Il Decreto Legislativo 24/2023 prevede che, dal prossimo 17 dicembre, le società con un numero di dipendenti compreso tra 50 e 249 debbano dotarsi di un canale di segnalazione interno. "E' capzioso definire "pericoloso" il whisteblowing perché si parla tanto di trasparenza e poi, quando viene approvato uno strumento in grado di migliorare le cose, si va alla ricerca di ogni possibile difetto o controindicazione. Lo ritengo utile anche per contrastare fenomeni molto pericolosi e attuali, quasi ad esempio lo stalking o la violenza di genere".

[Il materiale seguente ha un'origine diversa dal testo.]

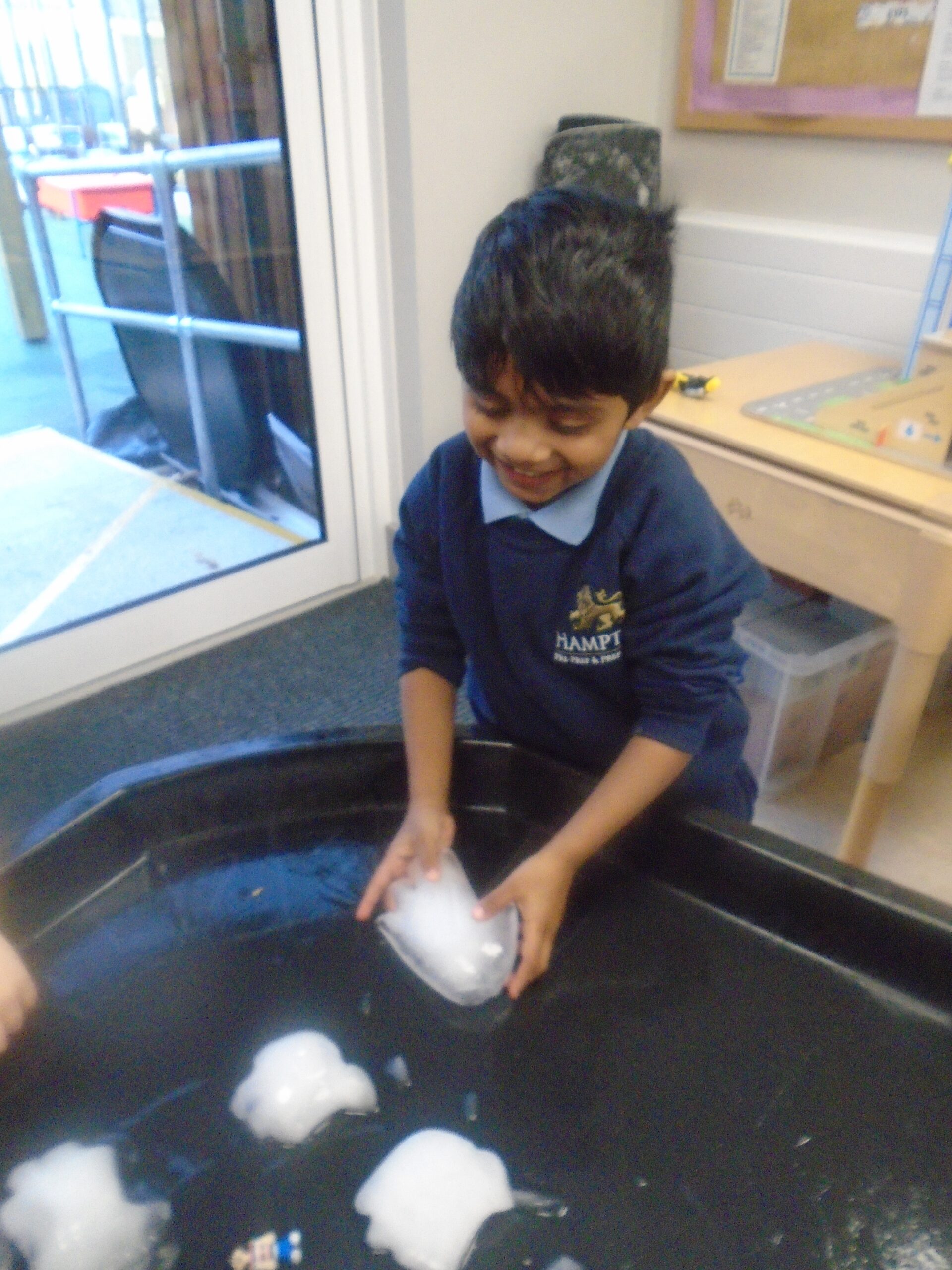 We also had a brilliant time playing in our ‘Winter’ small world play, using polystyrene balls and glitter to pretend snow alongside the polar animals.

L'approccio al whistleblowing deve essere diverso

TRENTO. "Noto che l'approccio a questo strumento è quasi esclusivamente all'insegna della paura, del timore - assoluto - che se ne faccia un utilizzo esclusivamente negativo, dando per scontato che chi lo utilizzerà si renderà protagonista di atti di delazione. Attenzione, partendo da tale presupposto non si va da nessuna parte, non solamente nel caso specifico del whistleblowing. Io credo, invece, sia un mezzo utilissimo, che andrà certamente "tarato" e migliorato e permetterà alle persone di segnalare eventuali violazioni all'interno del contesto lavorativo e, allo stesso tempo, sarà un vero e proprio sistema di autodifesa per le aziende".

 

Fausto Manzana, presidente di Confindustria Trento, promuove il "whisteblowing", la piattaforma di segnalazione sicura, che permetta a chiunque operi all'interno dell'azienda (dipendenti, tirocinanti, collaboratori, ma anche gli stessi dirigenti) di segnalare eventuali condotte illecite, quali frodi, atti e comportamenti che possano danneggiare clienti, colleghi, azionisti, il pubblico o la stessa reputazione dell'impresa, ente pubblico, fondazione.

 

Sono diverse le tipologie delle possibili segnalazioni: pericoli sul luogo di lavoro, frodi all`interno, ai danni o a opera dell’organizzazione, danni ambientali, false comunicazioni sociali, negligenze mediche, illecite operazioni finanziarie, minacce alla salute, casi di corruzione o concussione e molti altri ancora.

 

Il Decreto Legislativo 24/2023 prevede che, dal prossimo 17 dicembre, le società con un numero di dipendenti compreso tra 50 e 249 debbano dotarsi di un canale di segnalazione interno, che tuteli in maniera assoluta l'identità e i dati del denunciante nonché il contenuto della segnalazione. Il procedimento interessa anche l'Anac, che sarà chiamata ad intervenire qualora un dichiarante non ricevesse riscontro da parte dell'impresa.

 

"Si parla tanto di rischio elevato di delazione - prosegue Manzana - ma, attenzione: la segnalazione avviene sì in forma anonima e, giustamente, con la massima tutela per chi la effettua, ma la "denuncia" deve essere circostanziata e non è che si possa scrivere qualsiasi cosa perché, dall'altro, lato si potrebbe incorrere nei reati di diffamazione o calunnia. Ritengo sia uno strumento che abbia molti più "pro" che "contro" e da qualche parte bisogna iniziare: non si può avere paura della delazione e, dunque, accantonare il "whisteblowing" perché c'è il "rischio di...". Piuttosto bisogna educare le persone interessate a farne un utilizzo consapevole, spiegando loro che si tratta di un canale ufficiale e non di un social network personale dove si può scrivere ciò che si vuole".

 

Il decreto affonda le radici nel 2017 con la promulgazione della legge 179 sulla tutela del whistleblower, una norma promulgata anche se tante parti politiche avevano espresso parecchi dubbi. Ora il dispositivo è stato messo a punto e il provvedimento dovrebbe partire nei prossimi giorni, salvo proroga, che in Italia è sempre dietro l'angolo.

 

"E' capzioso definire "pericoloso" il whisteblowing - conclude il numero uno di palazzo Stella - perché si parla tanto di trasparenza e poi, quando viene approvato uno strumento in grado di migliorare le cose, si va alla ricerca di ogni possibile difetto o controindicazione. Lo ritengo utile anche per contrastare fenomeni molto pericolosi e attuali, quasi ad esempio lo stalking o la violenza di genere, con la possibilità di segnalare situazioni che, magari, precedentemente, non venivano portate alla luce. I lavoratori devono avere la possibilità di denunciare comportamenti aziendali scorretti. Perché pensare, a priori, che tutti ne faranno un uso improprio? Bisogna approcciarsi con fiducia e serenità ad uno strumento che è già di uso comune nei paesi anglossasoni con ottimi risultati".